Natural products inspired drug discovery
The Sharma laboratory welcomes motivated individuals, who are willing to work as a team to pursue groundbreaking research. Students will gain outstanding training in synthetic organic chemistry applied to drug design, together with a breadth of experience in medicinal chemistry and chemical biology. With these skill-sets, students will be prepared well for a career in either academia or industry.
Send the following to Arianne Hunter (Arianne.C.Hunterfirstname.lastname@example.org) : High School Transcript and a short summary describing why you desire to observe the Sharma Lab and your plans after high school.
Send the following to Dr. Sharma (email@example.com): Unofficial Undergraduate Transcript, CV, and a short letter describing why you are interested in joining the Sharma Lab and your future career goals.
Prospective Graduate Students:
Apply to the University of Oklahoma Department of Chemistry and Biochemistry Graduate Program (http://chem.ou.edu/graduate). Once accepted contact Dr. Sharma to set up a meeting during your visit.
Prospective Post-Doctoral Fellows:
Outstanding candidates will provide the following to Dr. Sharma: Cover letter defining your career goals and scientific interests, CV, and research summary. All Post-Doctoral Fellows are encouraged to apply for external funding where applicable
The pursuit of natural products-inspired drug discovery requires innovative approaches to novel scaffolds, and development of asymmetric methods to install complex stereocenters. For natural scaffolds, we take inspiration from the Mother Nature to design our synthetic route mimicking the biosynthesis. In addition, we are focusing on the development of novel methods utilizing ambiphilicity of diazo synthons through synergistic metal-catalysis to access spiro-heterocycles, macrocyclic scaffolds and core structure of terpenoids.

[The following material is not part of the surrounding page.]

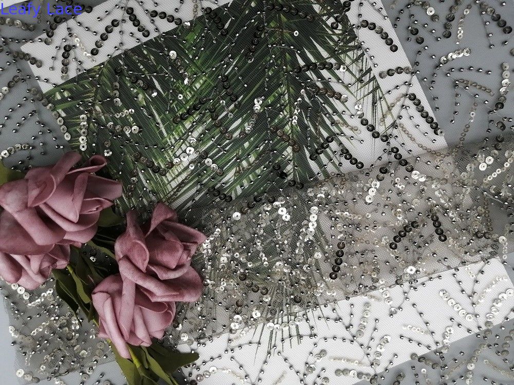 A tela do partido de Grey BestSeller Sequin Lace Fabric perlou a tela do bordado para vestidos da senhora o vestuário da decoração que do vestido é apropriado para vestidos das mulheres, da saia, das meninas do vestido de casamento, matérias têxteis da casa, cortina, artigos do fundamento, fatos, chapéus, vestidos de casamento, blusas, etc.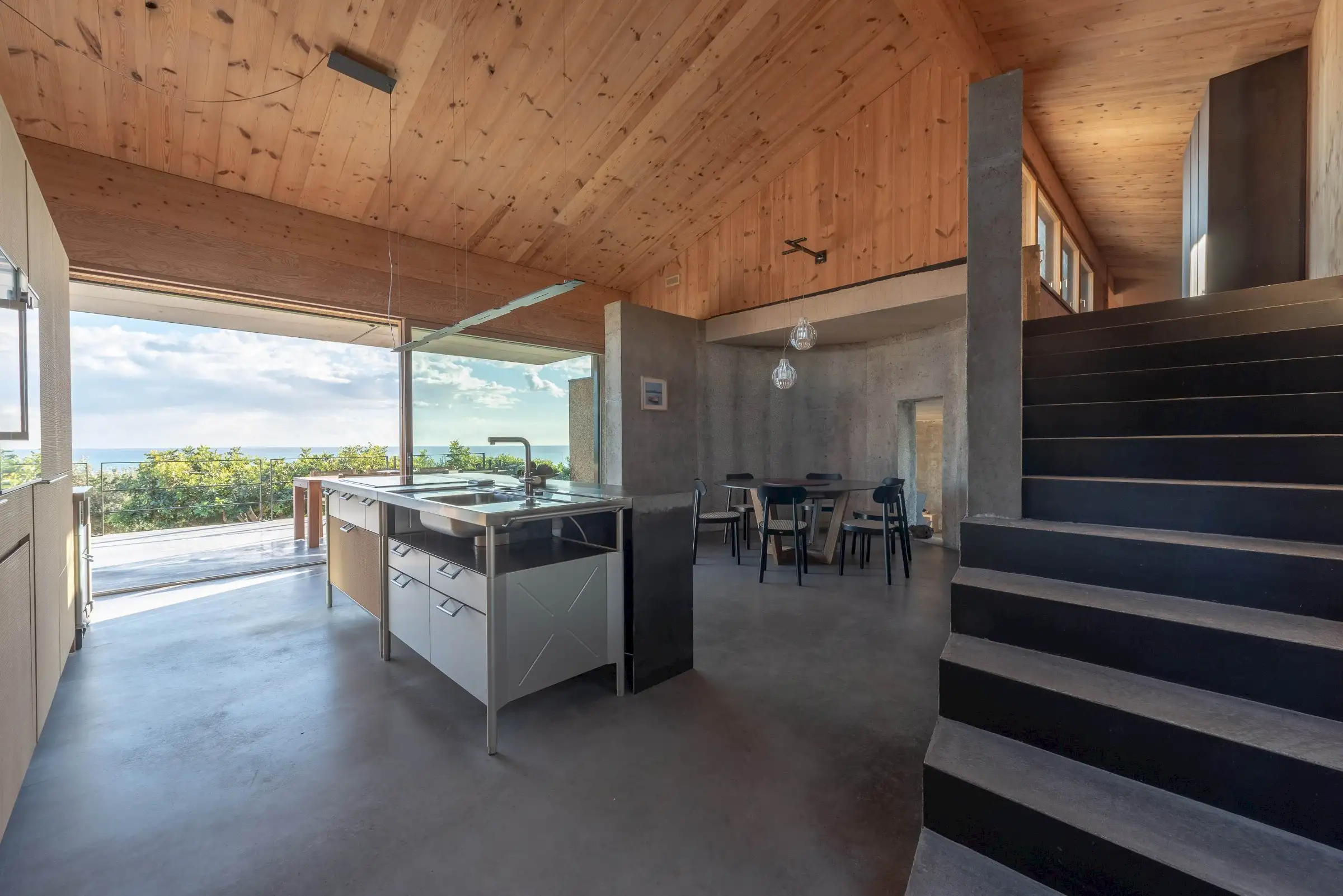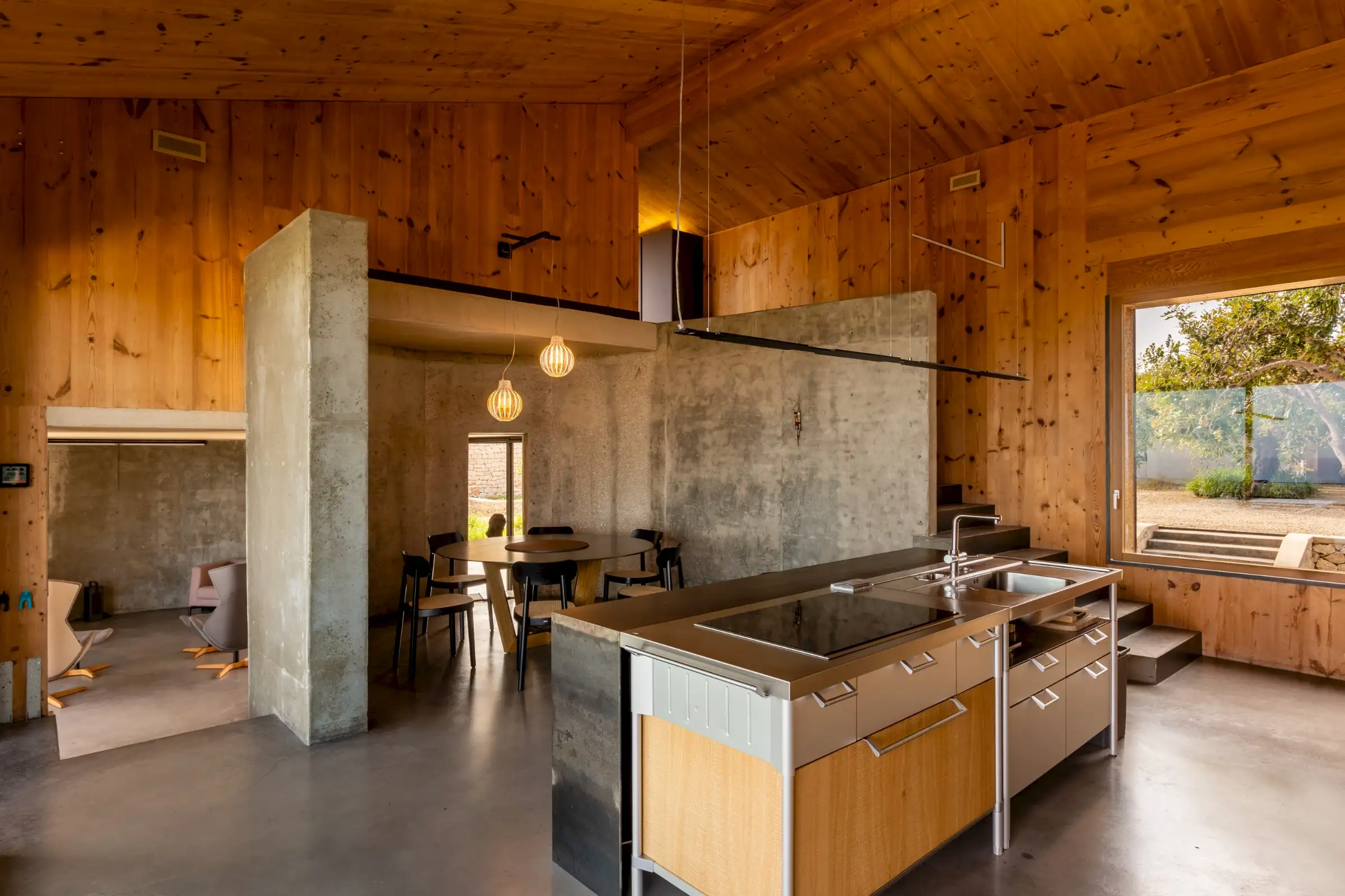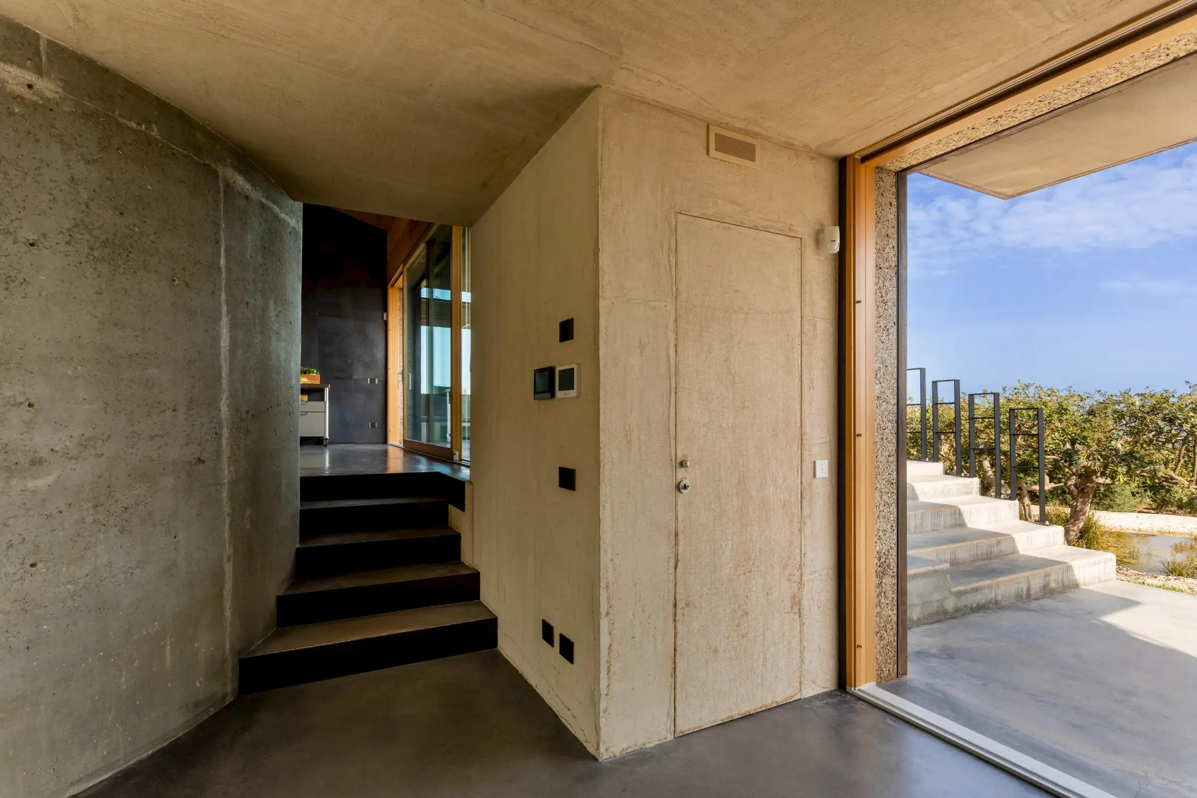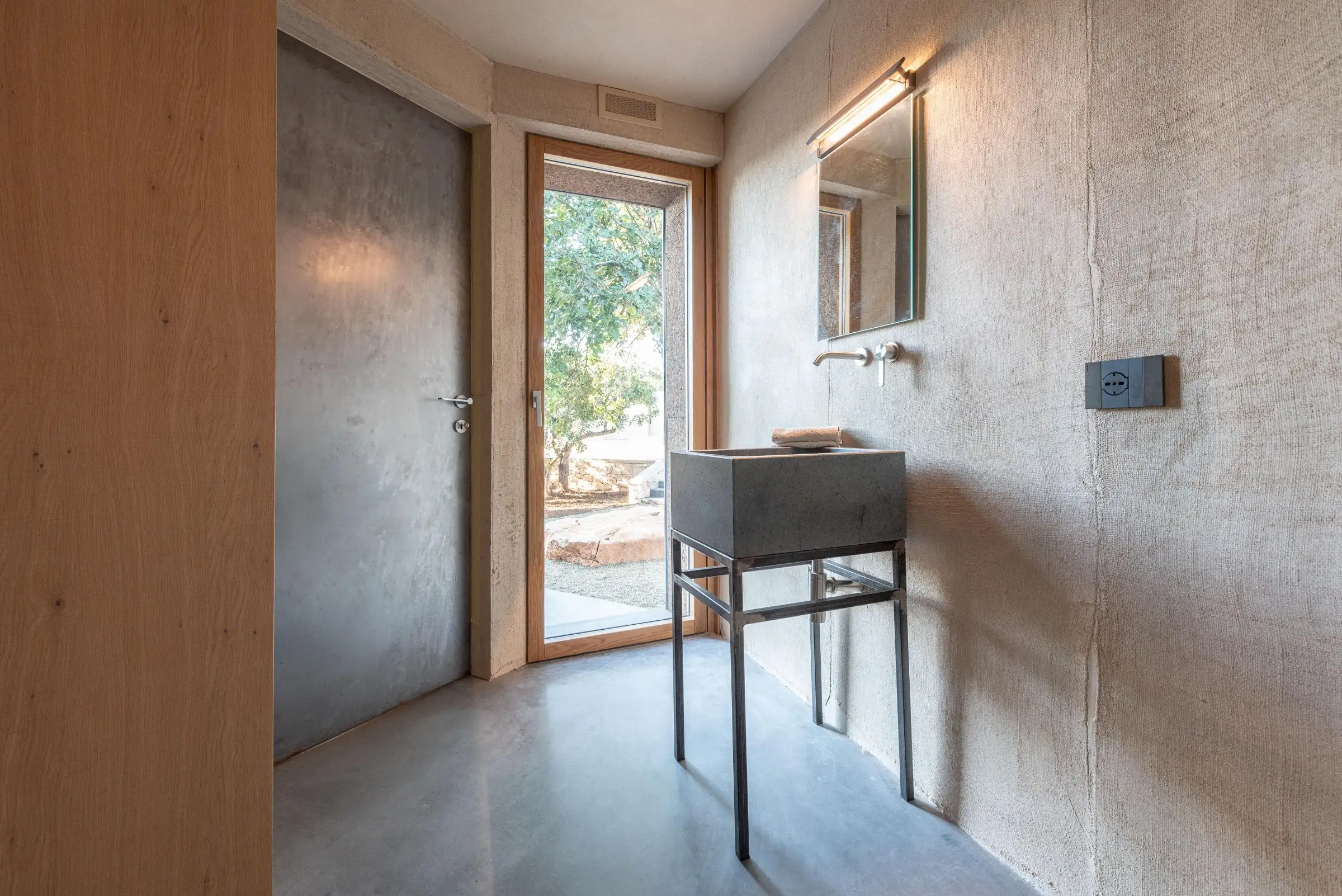 Built on three different levels, the minimalist design leads you from room to room and floor to floor, merging a core blend of materials, including wood, cement, stone and metal. Taking inspiration from nature, the house is covered in cork and was conceived as an oasis of high design based on sustainable principles with a view to being a house in which to relax and reset.

NATURAL PRODUCTS INSPIRED DRUG DISCOVERY
Key Words: Organic Synthesis, Organometallic Chemistry, and Drug Discovery
As a part of the Institute for Natural Products Applications and Research Technologies (INPART) at the University of Oklahoma (OU), the Sharma laboratory engages in the synthesis, assessment, and modification of potential therapeutic leads derived from natural products for the treatment of cancer, bacterial infections, and neurological disorders. We use two complementary approaches isolation/semi-synthesis and method development/total-synthesis to access a library of diverse analogues to study structure-activity relationships (SAR). To advance our synthetic compounds, we are having a multidisciplinary collaboration with leading laboratories at the Vanderbilt University, Bridge Institute (University of Southern California), and Mount Sinai, New York with combined expertise in natural product isolation, organic synthesis, medicinal chemistry, computational chemistry and molecular pharmacology. Our current research includes novel bond forming reactions utilizing diazo synthons, biomimetic approaches, asymmetric catalysis and complex natural product total synthesis along with structural diversification to establish the SAR.
Natural Products Diversification/Total Synthesis
Is Nature still the best chemist to provide unique structural scaffolds for drug discovery? Well, the answer in many ways is still yes, as natural products have proven to be an excellent source of clinical agents and have provided the basis for countless biologically important molecules in drug discovery. However, natural products are not drugs and therefore have to be structurally modified to identify leads compounds for drug development. We are engaged in a two-pronged approach; first diversifying readily available bioactive natural products, and second developing an efficient synthetic route to natural product scaffolds that are not easily available either by isolation or total synthesis. The resulted natural products-inspired libraries are then screened for a wide range of promising new therapeutic targets in collaborations with other laboratories or through the NIMH-Psychoactive Drug Screening program. Target molecules include alkaloids, spiro heterocycles, macrocyles and terpenoids.